Al fine di determinare l’importo netto da restituire, con particolare riferimento all’ipotesi in cui l’indebito sia relativo ad una parte della somma complessivamente erogata in anni precedenti, il sostituto sarà tenuto a sottrarre dall’importo lordo che il contribuente è tenuto a corrispondere, la quota parte delle ritenute operate ai fini Irpef (comprendendo anche le addizionali regionali e comunali), proporzionalmente riferibili all’indebito.

Per compensare il recupero al netto delle ritenute fiscali, al sostituto d’imposta spetta un credito d’imposta pari al 30% delle somme restituite. La misura del credito è calcolata sull’importo netto restituito: nel caso in cui la restituzione abbia ad oggetto somme che sono state tassate solo in parte, il credito d’imposta deve essere calcolato sulle somme restituite al netto di quelle che non erano state tassate al momento dell’erogazione.

Il diritto del sostituto a fruire del credito d’imposta sorge nel momento in cui non può più essere eccepita la legittimità della pretesa alla restituzione. Tramite la Certificazione unica e il modello 770 (Rigo SX1-Colonna 5) potrà essere recuperato il credito spettante.

La restituzione delle somme al soggetto erogatore al netto delle ritenute Irpef opera per quelle restituite dal 1° gennaio 2020, facendo salvi i rapporti già definiti alla data dal 19 maggio 2020.

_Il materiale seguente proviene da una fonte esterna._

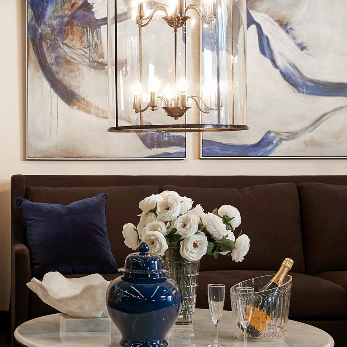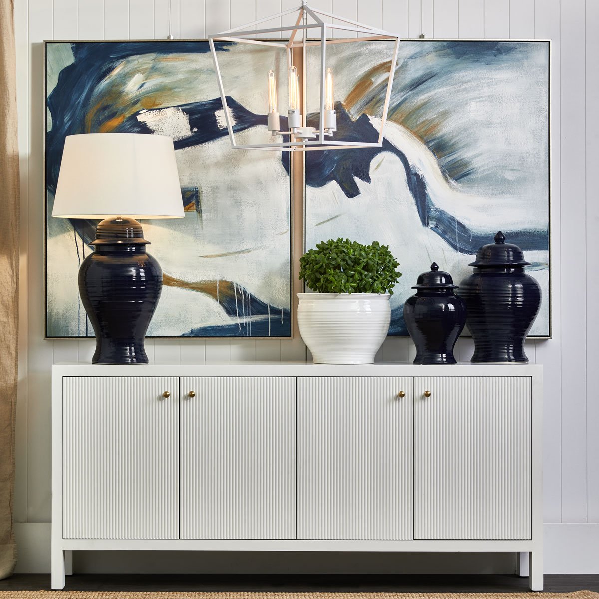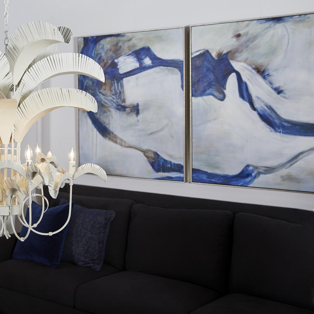 Ethereal movement creates a striking abstract composition in the Midnight Summer oil on canvas duo. Perfectly paired to be hung side by side for dramatic statement at a total of 2 metres wide, each part of Midnight Summer is individually enticing as a stand-alone piece. Featuring a fresh colour palette of rich blues and whites underpinned by warm tan tones, the Midnight Summer set is designed to infuse calm energy into any room with its gentle composition. Displayed in an elegant brushed antique silver shadow box frame, Midnight Summer is individually hand painted in oil by skilled artisans, so no two pieces are exactly alike.

Secondo quanto correttamente indicato e schematizzato dalle Entrate, la possibilità di effettuare il recupero delle somme al netto non trova applicazione se alla data del 19 maggio 2020:

il contribuente ha già restituito l’indebito al «lordo»;

per effetto di pronunce giurisdizionali passate in giudicato, sia stabilita la restituzione al «lordo», salvo diverso successivo accordo tra le parti;

sia in corso un piano di restituzione rateizzato, calcolato al «lordo» delle ritenute operate all’atto dell’erogazione, salvo diverso successivo accordo tra le parti.

In presenza di fattispecie in cui alla data del 31 dicembre 2019, a seguito di sentenza definitiva o accordo, la restituzione è stata stabilita al «netto», il sostituto d’imposta potrà fruire del credito d’imposta del 30% in relazione alle restituzioni avvenute dal 1° gennaio 2020.